The Paradox of Eight GPUs That Cannot Compute: A Diagnostic Crossroads in LXC GPU Passthrough

The Message

In the conversation under analysis, message 516 is a concise diagnostic probe — a single bash command executed over SSH, followed by its output. The assistant writes:

ssh root@10.1.230.174 bash <<'EOF'
export PATH="/root/.local/bin:/usr/local/cuda-12.8/bin:$PATH"
/root/ml-env/bin/python3 -c "
import torch
print('torch:', torch.__version__)
print('CUDA avail:', torch.cuda.is_available())
print('GPU count:', torch.cuda.device_count())
if torch.cuda.is_available():
    print('GPU 0:', torch.cuda.get_device_name(0))
" 2>&1
EOF

The response is stark:

/root/ml-env/lib/python3.12/site-packages/torch/cuda/__init__.py:182: UserWarning: CUDA initialization: CUDA driver initialization failed, you might not have a CUDA gpu. (Triggered internally at /pytorch/c10/cuda/CUDAFunctions.cpp:119.)
  return torch._C._cuda_getDeviceCount() > 0
torch: 2.9.1+cu128
CUDA avail: False
GPU count: 8

This short exchange — barely a dozen lines — captures a pivotal moment in a much larger debugging odyssey. It is the point at which an entire architectural approach (LXC-based GPU passthrough) is revealed to have hit a fundamental wall, and the reasoning visible in the message and its surrounding context illuminates the nature of that wall with surgical precision.

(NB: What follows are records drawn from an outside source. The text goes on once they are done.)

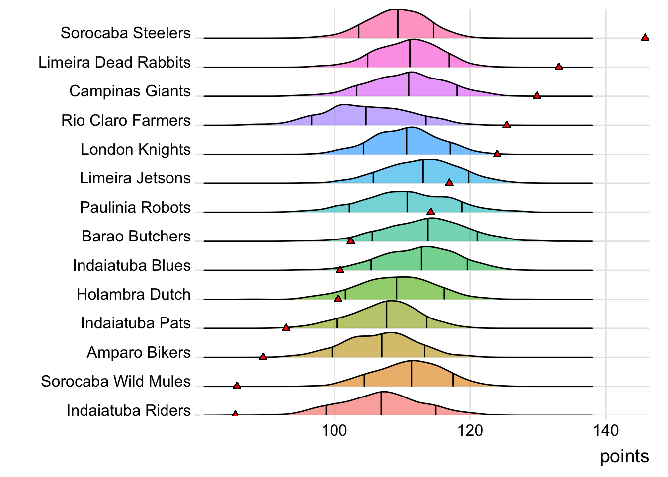 The 145.76 points scored by Sorocaba Steelers represented the highest total in the league this week.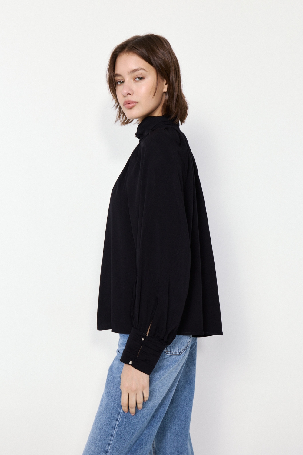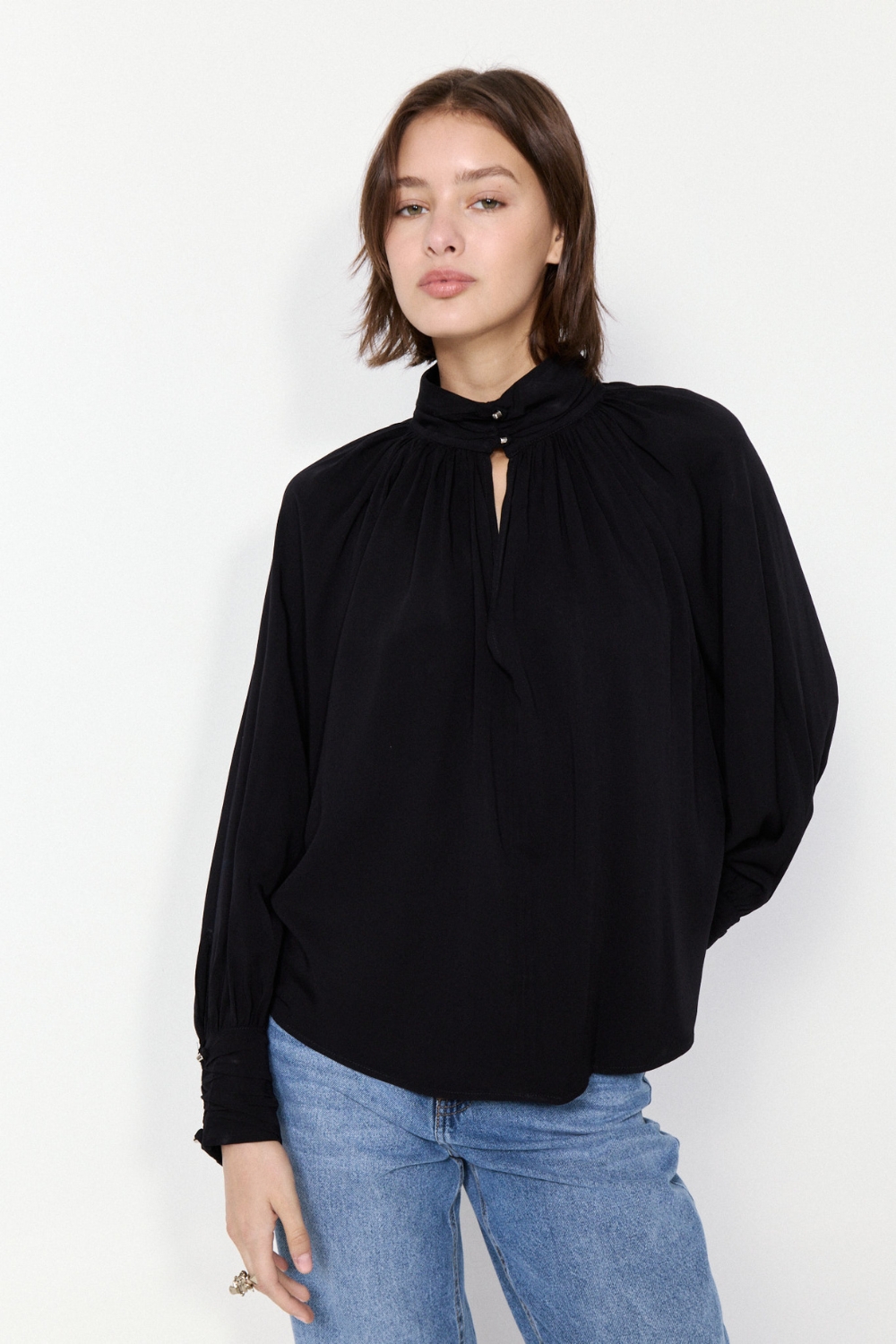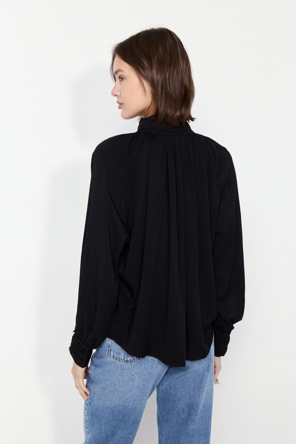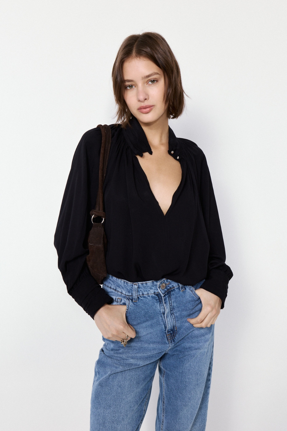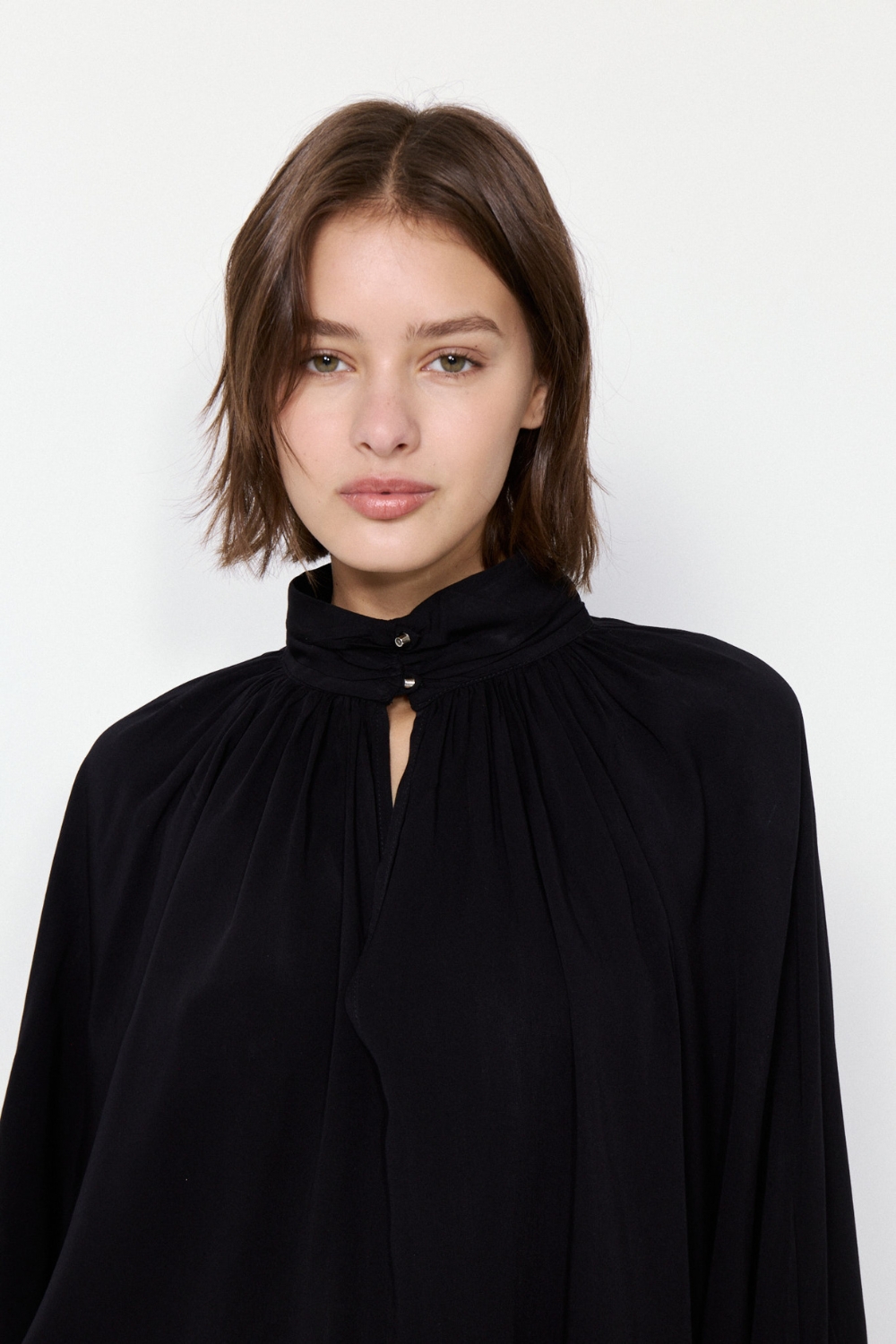 La Blusa Borough es una prenda con abertura delantera y detalles drapeados que aportan sofisticación. Su textil de excelente caída y calce relajado garantizan comodidad.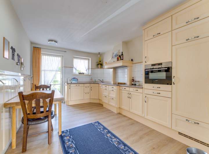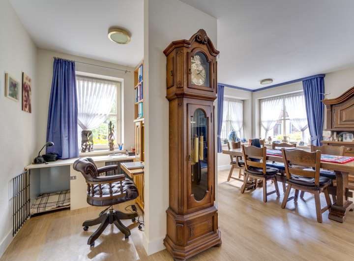 Beim Betreten fällt sofort das gepflegte Erscheinungsbild auf. Der großzügige Eingangsbereich bietet Zugang zum Gäste-WC und den zentralen Wohnbereichen im Erdgeschoss. Wohn- und Esszimmer erstrecken sich zusammen über ca. 55 m² und sind dank großer Fenster wunderbar hell. Hier gibt es ausreichend Platz für eine großzügige Sitzecke und einen großen Esstisch, und der Garten lässt sich durch Türen problemlos in das Wohnerlebnis integrieren. Angrenzend befindet sich die moderne, ca. 15 m² große Küche, die ausreichend Platz für alle bietet, die gerne kochen und Gäste bewirten.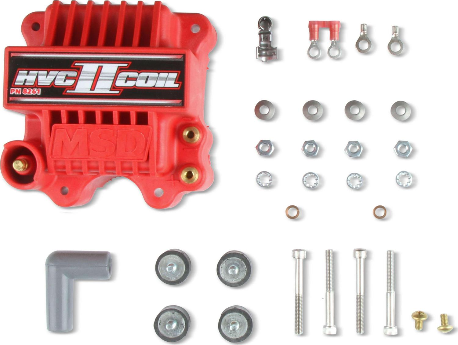 The HVC II Coil is completely built in-house so our engineers have exclusive control over their performance and quality. The Coil utilizes an iron U-Core design with a segmented bobbin for improved voltage distribution. The bobbin is molded from Dupont Rynite FR946 material which has incredible dielectric capabilities at high temperatures. MSD also incorporated a cutting edge winding material that has an improved insulation and is also capable of enduring extreme voltages. Together, these materials create a durable coil with incredible voltage capabilities, lightning quick rise time and lengthy spark duration.;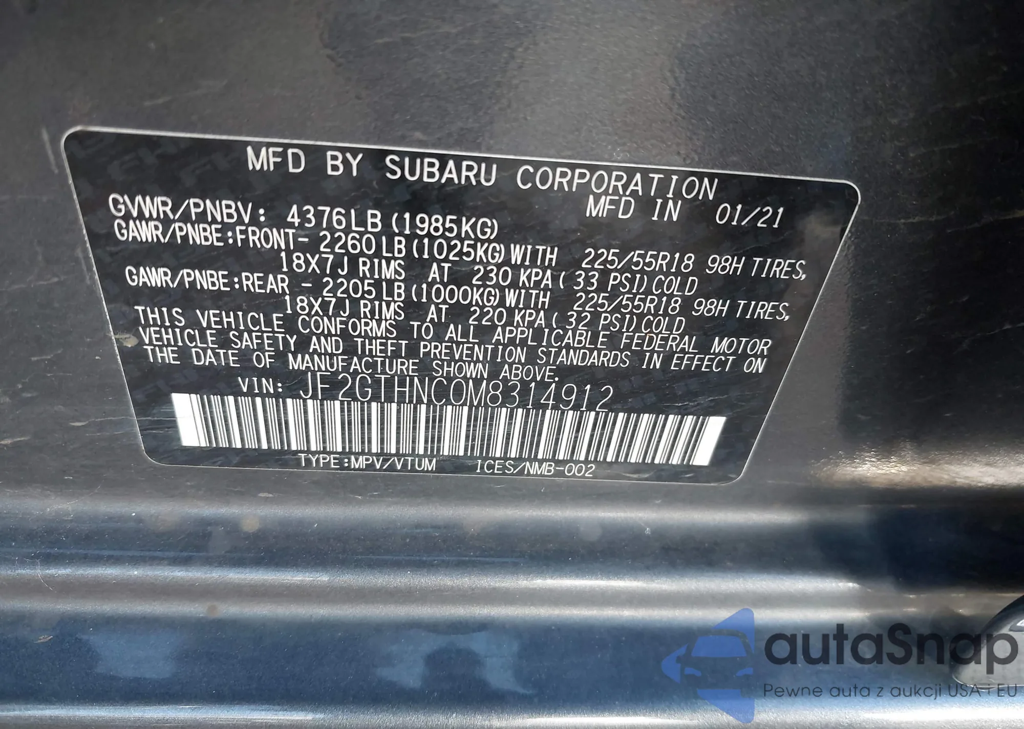 LOT: 43520042 VIN: JF2GTHNC0M8314912

Why This Message Was Written

To understand why this particular diagnostic was issued, one must appreciate the broader narrative. The session had been pursuing a solution to a severe performance bottleneck: GPUs in a KVM virtual machine on Proxmox could not communicate via Peer-to-Peer (P2P) DMA because the VFIO/IOMMU virtualization layer placed each GPU behind its own PCIe Root Complex, forcing all inter-GPU traffic through host memory. For a model like GLM-5-NVFP4 deployed across 8 Blackwell GPUs with tensor parallelism, this meant crippling latency on every collective operation.

The assistant and user had devised an alternative: bypass the KVM VM entirely by running the ML workload inside an LXC container on the Proxmox host itself. LXC containers share the host kernel, so GPU device nodes passed through to the container would see the true PCIe topology — or so the theory went. The assistant had guided the user through installing the NVIDIA driver (590.48.01) on the Proxmox host, converting the container to privileged mode, bind-mounting all eight GPU device nodes, and copying the 296GB model cache to a shared dataset. The topology check succeeded: nvidia-smi topo -m inside the container showed NODE and SYS links instead of the dreaded PHB (PCIe Host Bridge) that had plagued the VM. P2P DMA appeared possible.

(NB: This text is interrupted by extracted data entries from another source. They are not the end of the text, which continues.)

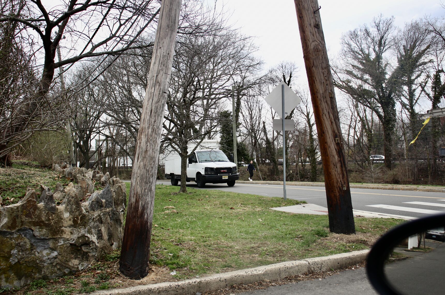 Difficult visibility of cars coming from the west on Davis Ave where the road curves. April 1, 2026 Photo: Leslie Yager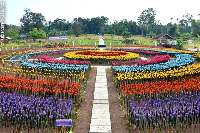 Ο κήπος από τουλίπες, που εγκαινιάστηκε τη Δευτέρα, δημιουργήθηκε από 26.877 μπουκάλια που συγκεντρώθηκαν από 45 χωριά γύρω από την πόλη Λαμιτάν στο Μπασιλάν, μια νησιωτική επαρχία στο νοτιοδυτικό άκρο του αρχιπελάγους.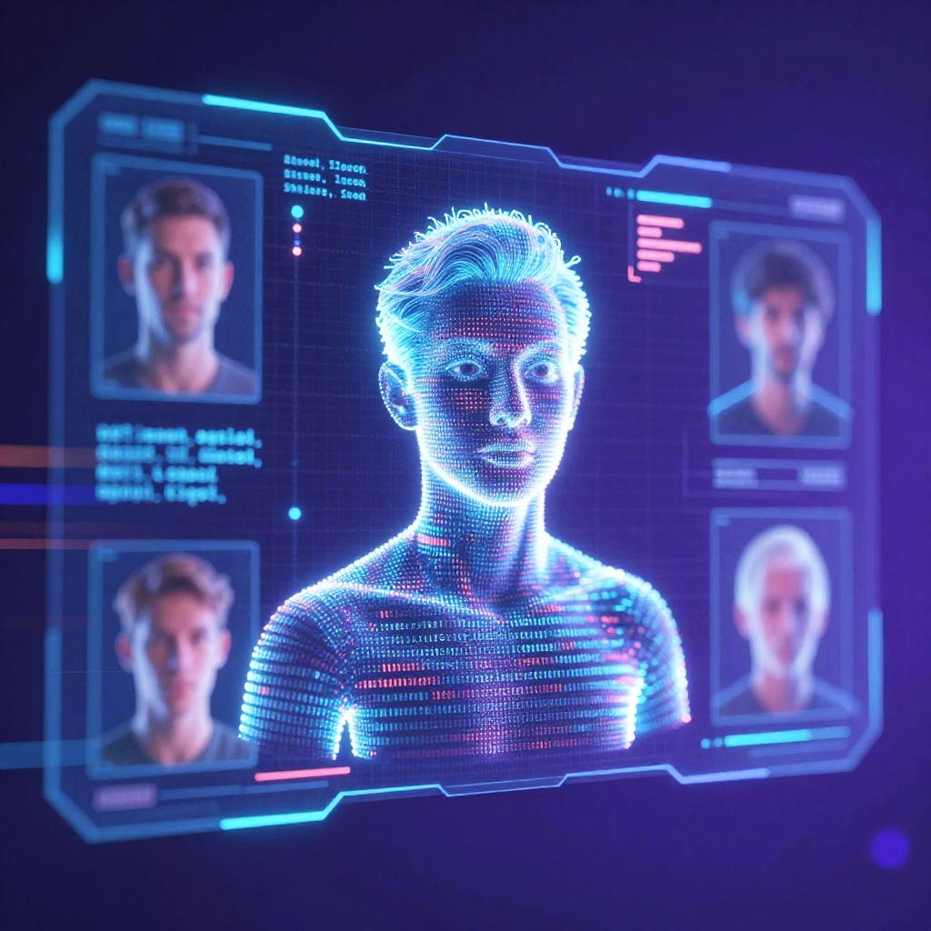AI avatar generator from text inspired scene, a holographic user interface displaying multiple avatars formed from different text prompts, glowing graphs and codes in the background, deep purple and blue tones, digital art, immersive environment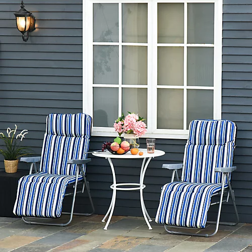 - • Colour: Blue and White • Material: Steel, Polyester, Cotton • Overall Dimension: 60W x 75D x 65-102H cm • Folded Dimension: 92L x 61.2W x 12H cm • Weight Capacity (each): 120kgs • Armrest from Floor: 63cm Item Label: 84B-571V70BU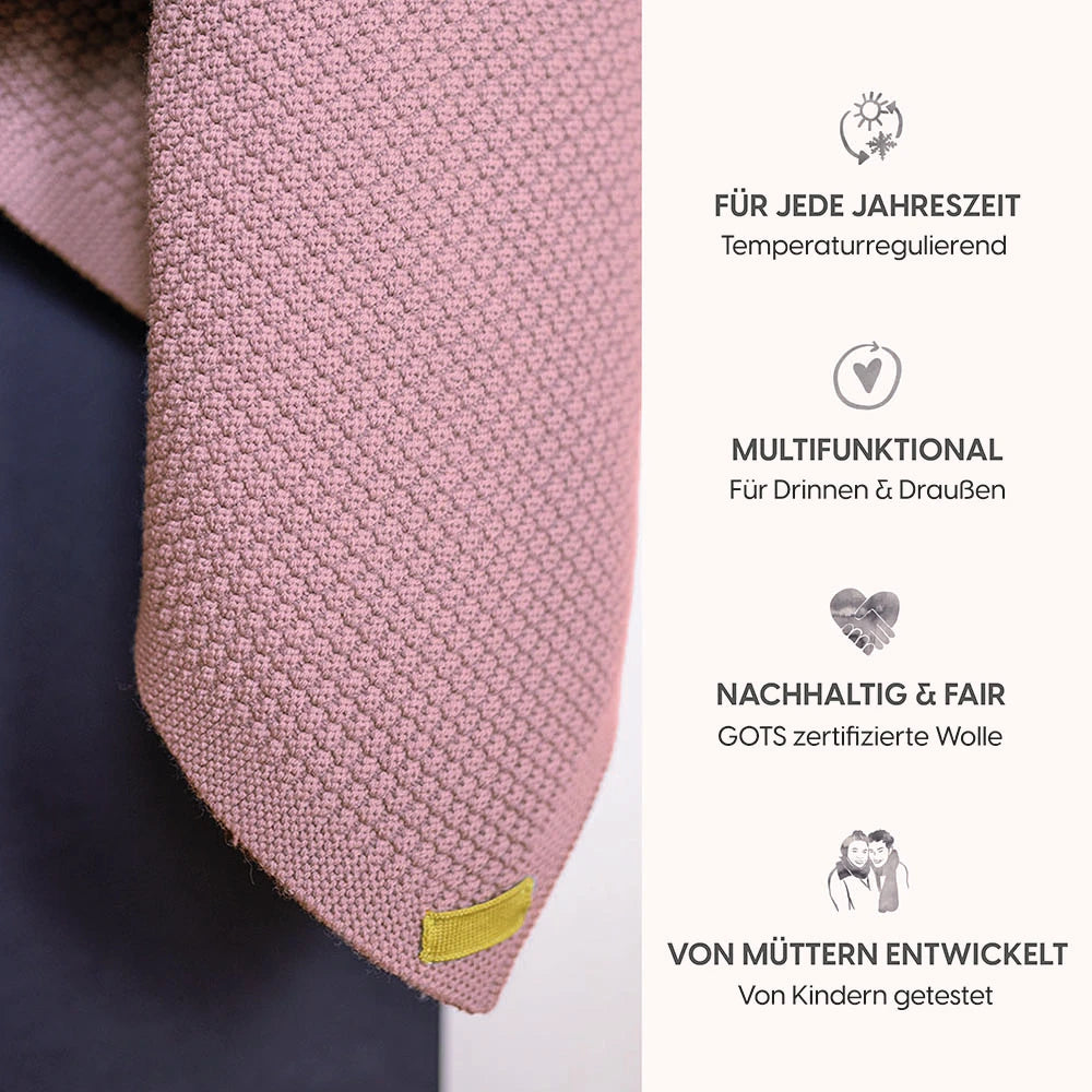 Unsere WOOLLY BLANKET ist ein wahres Multifunktions-Talent – ideal zum Kuscheln und Pucken, für den Kinderwagen und Autositz und als weiche, wärmende Unterlage auf dem Fußboden oder im Park.

But then came the first sign of trouble. When the assistant tried to initialize the ML stack inside the container, CUDA itself refused to initialize. Message 515 had attempted two fixes: setting CUDA_VISIBLE_DEVICES explicitly and downgrading PyTorch from 2.10.0+cu128 to 2.9.1+cu128, suspecting that the newer PyTorch might have compatibility issues with the driver. Message 516 is the verification step — the moment of truth to see if the downgrade resolved the problem.

How Decisions Were Made

The decision to run this specific diagnostic reflects a methodical, hypothesis-driven debugging approach. The assistant had just executed a change (downgrading PyTorch) and needed to test it. The Python script is minimal and targeted: it checks four things in order of dependency.

First, it prints the PyTorch version to confirm the downgrade actually took effect. Second, it checks torch.cuda.is_available() — the high-level gate that determines whether any CUDA operation can proceed. Third, it queries torch.cuda.device_count() to see how many GPUs the driver reports. Fourth, it conditionally prints the GPU name only if CUDA is available, avoiding a secondary error.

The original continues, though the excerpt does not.